First he has to get elected.

The 2012 GOP nominee for president announced Friday he is running for the Utah Senate seat being vacated by GOP Sen. Orrin Hatch.

Romney, 70, is among the best-known names in U.S. politics. He has been a successful businessman, governor of heavily Democratic Massachusetts, Olympics rescuer and, more recently, one of his party's fiercest critics of President Donald Trump.

Arizona Sen. John McCain, who often has taken on Trump, was quick to welcome Romney, his rival in the 2008 White House race.

In a tweet Friday shortly after Romney announced his Senate bid, McCain said Romney "has shown the country what it means to lead with honor, integrity and civility. The people of #Utah and the nation need his strong voice, resolve and service now more than ever."

Sen. Richard Shelby, R-Ala., said Romney would bring the prestige of his previous roles to the Senate.

"I think he will be a plus-plus in the Senate," Shelby said, calling Romney "a thoughtful man" and a leader who at 70 is senior enough to be an elder statesman.

Shelby, 83, has had his differences with Trump. He publicly opposed a GOP nominee backed by Trump in Alabama's closely watched Senate race last year, declaring before the election that "the state of Alabama deserves better" than Roy Moore, a former judge accused of sexual contact with teenage girls decades ago.

Romney has the stature to make similar declarations when — or if — they are needed, Shelby said. "I know the governor and I think he would support good ideas," Shelby said.

Romney, a heavy favorite to win the Senate seat, will step in "immediately" as a leader in the Senate, said Idaho Sen. Jim Risch, who got to know Romney when both served as governors and when he co-chaired Romney's presidential campaigns in Idaho.

"He has broad experience, he has the prestige. He'll jump right in," Risch said.

Those expectations are based largely on Romney's record, rather than recent accomplishments. Romney has not served in elected office in more than a decade and lost bids for president in 2008 and 2012.

Trump has seized on Romney's failed presidential bids, saying in 2016 that Romney "choked like a dog."

It's not clear how Romney will relate to the president as a candidate or as a senator, should he win. While he denounced Trump during the 2016 presidential campaign, Romney softened his stance after the election and put himself forward as a candidate for secretary of state before Trump looked elsewhere.

Since then, Romney has spoken up from afar. He called out Trump after a deadly white supremacist rally in Charlottesville, Virginia, last year, and lashed out again last month when Trump used an obscenity to describe African countries during a White House meeting on immigration.

"The poverty of an aspiring immigrant's nation of origin is as irrelevant as their race," Romney tweeted, adding that comments attributed to the president were inconsistent with "America's history and antithetical to American values."

Despite those criticisms, Democrats say Romney and Trump are not all that different.

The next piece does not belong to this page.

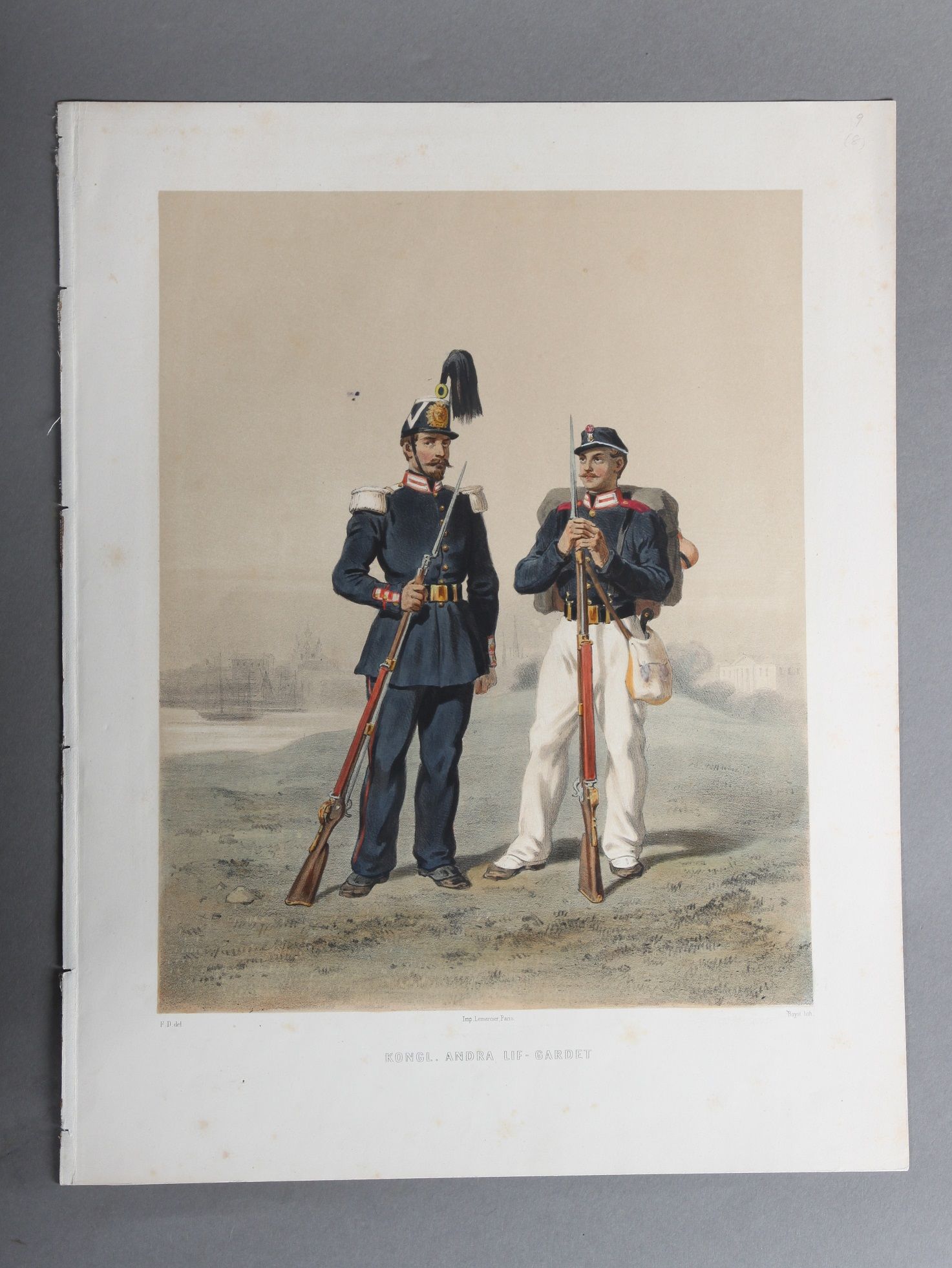 Kongl. Andra Lif-Gardet. Håndkolorert liografert plansje av Bayot etter tegning av Dardel.

"While Mitt Romney desperately wants to separate himself from the extremism of the current administration, the basic policies of Trump's GOP were his before they were Donald Trump's," said DNC spokesman Vedant Patel, citing the recently enacted GOP tax cuts and efforts to repeal former President Barack Obama's health care law.

Patel called Romney "another multimillionaire looking out for himself, his rich neighbors and the special interests."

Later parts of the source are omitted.